Six Sigma Project - Control Phase

Six Sigma Project - Control Phase
Assembly and test capacity expansion.

Control Phase

The purpose of the control phase is to maintain the gains that have been achieved by standardizing work method and processes. The control process should make plans to preserve the lessons learned from the earlier phases to enhance continual improvement.

Six Sigma 6S manufacturing services procedure.

A manufacturing services procedure and checklist was developed to maintain a 6S culture. This will ensure the maintenance of a clean safe assembly and test environment which will inevitably lead to a reduction in non conformances. 

Clean room check list

To maintain the cleanliness and housekeeping in the assembly clean room a daily, weekly and monthly sign off sheet (Fig 20) was developed. The checks are carried out by the supervisor and the operators to ensure a good culture is developed.

Fig 20: Excerpt from the clean room cleanliness control sign off sheet. Click image to enlarge

Borescope Inspection.

To control the cleanliness of the manifolds and to verify that the de-burring process is completed correctly a new Borescope inspection camera (See Fig 21) was purchased.

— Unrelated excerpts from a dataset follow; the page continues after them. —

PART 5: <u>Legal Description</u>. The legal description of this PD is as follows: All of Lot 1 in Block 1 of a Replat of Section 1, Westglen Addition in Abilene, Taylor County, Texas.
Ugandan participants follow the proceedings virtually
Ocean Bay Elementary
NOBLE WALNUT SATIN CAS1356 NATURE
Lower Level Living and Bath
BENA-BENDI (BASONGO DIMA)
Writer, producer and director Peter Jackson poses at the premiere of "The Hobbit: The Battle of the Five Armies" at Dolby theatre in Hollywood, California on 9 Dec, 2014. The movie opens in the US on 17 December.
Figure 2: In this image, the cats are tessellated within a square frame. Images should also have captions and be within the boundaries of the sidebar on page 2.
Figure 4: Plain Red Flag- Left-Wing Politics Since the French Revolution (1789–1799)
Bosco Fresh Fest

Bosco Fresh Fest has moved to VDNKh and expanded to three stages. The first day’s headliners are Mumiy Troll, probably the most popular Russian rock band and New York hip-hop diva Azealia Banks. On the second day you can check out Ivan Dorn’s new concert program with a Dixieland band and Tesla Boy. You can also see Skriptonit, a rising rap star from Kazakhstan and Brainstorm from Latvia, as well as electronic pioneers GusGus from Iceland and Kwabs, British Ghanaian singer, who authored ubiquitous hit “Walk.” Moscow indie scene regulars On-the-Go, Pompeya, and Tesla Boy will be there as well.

All manifold bores are inspected by the quality control inspection department and signed off before assembly.

Fig 21: Borescope for manifold bore inspection, Click image to enlarge.

 

Automatic washer for manifolds

After the de-burring process all manifolds are cleaned in a new automatic washer. (Fig 22) This removes all debris from the de-burring process which is also verified by QC inspection using the Borescope. Only items that have been passed and signed off by inspection can be issued to assembly, controlled by the SAP ERP system.

Fig 22: Automatic manifold washer,center. With 2 Manifolds. Click image to enlarge

Improvement to job routings

The routing have been revised to reflect the savings realized by the improvements made in the improve phase. This has resulted in a reduction in assembly and test time of 7 hours which equates to an annual saving of €102,000. The new routings will now be the new standard work method going forward.

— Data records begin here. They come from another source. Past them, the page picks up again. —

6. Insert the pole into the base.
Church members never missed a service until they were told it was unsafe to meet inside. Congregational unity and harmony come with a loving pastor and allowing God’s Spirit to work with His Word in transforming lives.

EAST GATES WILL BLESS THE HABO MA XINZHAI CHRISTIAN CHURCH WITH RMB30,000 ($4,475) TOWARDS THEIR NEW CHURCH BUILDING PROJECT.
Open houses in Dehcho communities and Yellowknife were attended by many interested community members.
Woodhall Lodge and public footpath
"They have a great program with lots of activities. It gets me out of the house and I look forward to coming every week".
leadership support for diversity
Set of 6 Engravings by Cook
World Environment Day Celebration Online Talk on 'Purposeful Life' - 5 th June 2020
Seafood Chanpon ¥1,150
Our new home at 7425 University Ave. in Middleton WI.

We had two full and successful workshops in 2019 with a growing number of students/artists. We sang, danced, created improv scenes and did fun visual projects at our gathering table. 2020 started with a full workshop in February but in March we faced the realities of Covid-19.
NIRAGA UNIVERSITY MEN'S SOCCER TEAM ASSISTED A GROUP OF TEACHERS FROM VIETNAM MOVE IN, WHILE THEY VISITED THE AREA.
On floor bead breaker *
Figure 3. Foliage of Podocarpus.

Fig 23: Old and new routing layouts. Click image to enlarge.

Increase in production output.

All the improvements done to date have significantly reduced production time and waste. The introduction of the new flow rig to test bay C while maintaining test bay A and the automation of the test processes will ensure that production will increase from 12 units per month to 18 units per month, an increase of 50%. 

Training and control of the new calibration flow rig.

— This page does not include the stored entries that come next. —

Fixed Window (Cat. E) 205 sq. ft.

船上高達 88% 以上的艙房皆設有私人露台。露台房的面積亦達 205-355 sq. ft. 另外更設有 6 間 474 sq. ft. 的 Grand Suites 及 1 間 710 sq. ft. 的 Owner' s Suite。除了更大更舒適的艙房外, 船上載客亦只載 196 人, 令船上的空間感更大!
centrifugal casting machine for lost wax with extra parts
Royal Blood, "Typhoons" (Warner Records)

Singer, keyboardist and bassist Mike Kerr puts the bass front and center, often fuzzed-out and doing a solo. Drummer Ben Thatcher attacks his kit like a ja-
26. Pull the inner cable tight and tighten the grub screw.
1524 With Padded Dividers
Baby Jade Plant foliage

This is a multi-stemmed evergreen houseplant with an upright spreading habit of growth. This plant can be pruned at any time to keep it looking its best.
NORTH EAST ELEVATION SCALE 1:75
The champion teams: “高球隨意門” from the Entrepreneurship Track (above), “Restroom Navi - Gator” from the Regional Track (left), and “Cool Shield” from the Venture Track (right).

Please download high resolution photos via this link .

A training program has been developed by the manufacturer of the new calibration flow rig. The training will be carried out on an ongoing basis by the R+D engineering group who developed the software. All personnel who receive training will have their training records updated accordingly. Only trained personnel will have the authority to log on to the control HMI interface and operate the flow rig. A preventative maintenance (PM) schedule has been drawn up for the upkeep and servicing of the new rig.

Next Steps

The team have now completed the all five phases of the DMAIC process. (Define, Measure, Analyze, Improve and Control), This does not mean by any means that all work is complete, the control phase is a continuing process that can be further developed and modified to make continual improvement going forward.

Six Sigma Project - Improve Phase

Six Sigma Project - Improve Phase
Assembly and test capacity expansion.

Improve Phase

The purpose of the improve phase is to carry out improvements and work towards moving from the current state value stream to the desired future state value stream. This blog entry will show how the team carried out the improvements.

"Just do it" items

The "just do it items" identified in the measure and analyze phases have been actioned and purchase orders have been placed for new equipment.

Action plan CSVSM to FSVSM

An action plan was put in place to bring the current state value stream map in line with the future state value stream map, as follows.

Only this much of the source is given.